Another key thing is go in at the right level. You might get an intro to the
CEO, and she may end up convinced that your product is the greatest thing
since sliced bread. That's unlikely to help: she'll come back from the week
end and tell the GM of some division "hey, we should really be using that
Foobartronix cloud solution!" and the GM will say "Wow, thanks, that's gonna
make a huge difference to us" and then nothing will happen. You'll want to
pitch the highest person responsible and no higher.
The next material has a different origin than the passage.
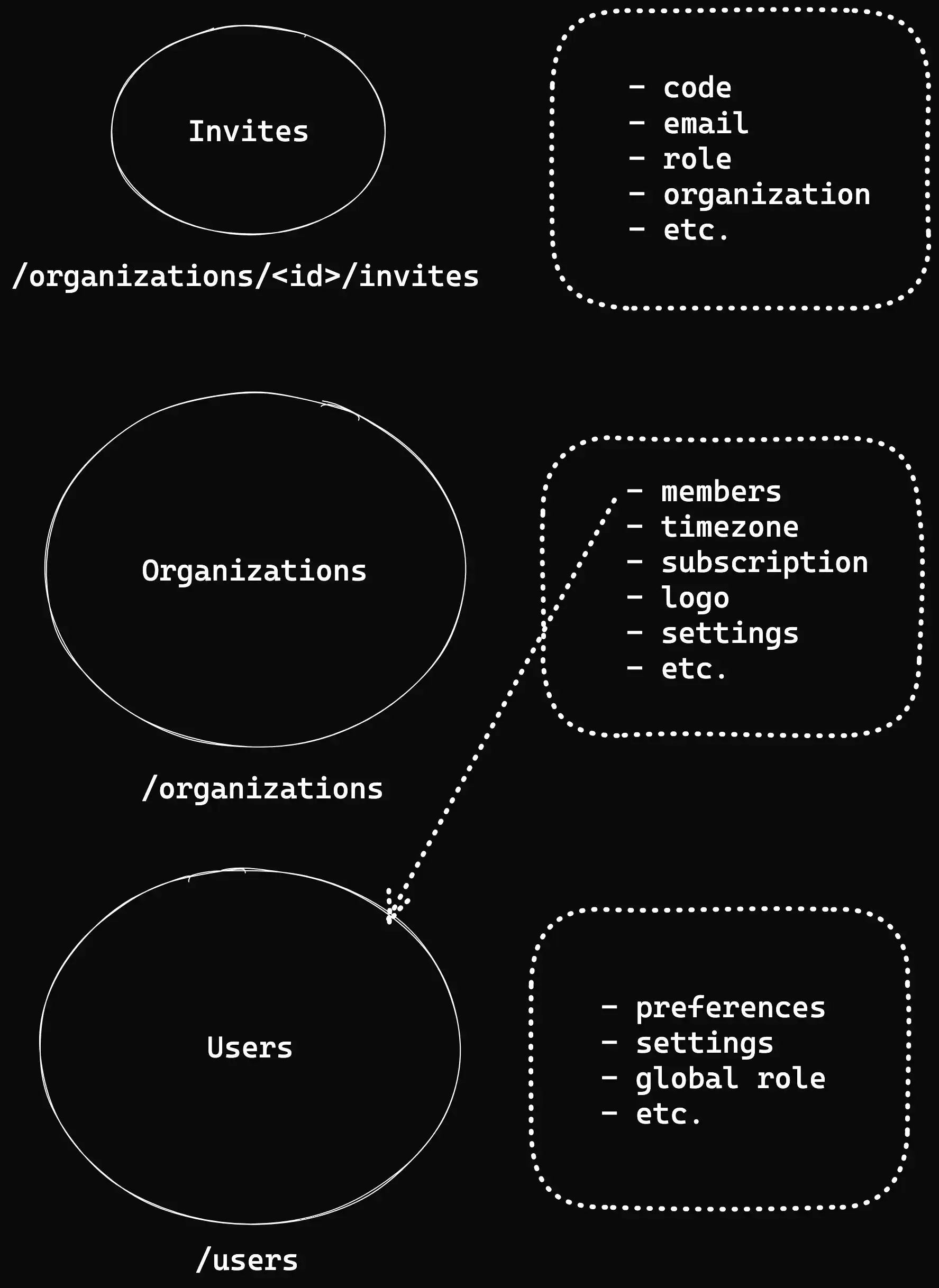 - Invites: invites are a sub-collection of organizations used to store invitations that users can accept.
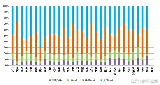 從各地區(qū)舉報(bào)污染類型占比看,上海、河南大氣污染舉報(bào)占比較高,超過全國(guó)平均水平約11個(gè)百分點(diǎn),上海主要反映油煙問題,河南主要反映惡臭異味問題。重慶、廣西噪聲污染問題在當(dāng)?shù)叵鄬?duì)突出,占比超過全國(guó)平均水平約22個(gè)百分點(diǎn),重慶主要反映建設(shè)施工噪聲污染問題,廣西主要反映工業(yè)噪聲污染問題。山東水污染舉報(bào)占比超過全國(guó)平均水平約7個(gè)百分點(diǎn),主要反映工業(yè)廢水污染問題。

I once pitched our product the CEO of the Sony Computer Entertainment
(Playstation). He was really interested and asked good questions and I assume
forgot about us almost completely as soon as we had left the room. The
importance of that meeting was that the other people who had decided to work
with us (which happened in the blink of an eye...like 9 months) wanted him to
know they'd found a good solution to a big problem. We were crucial, yet in an
odd way irrelevant to that meeting.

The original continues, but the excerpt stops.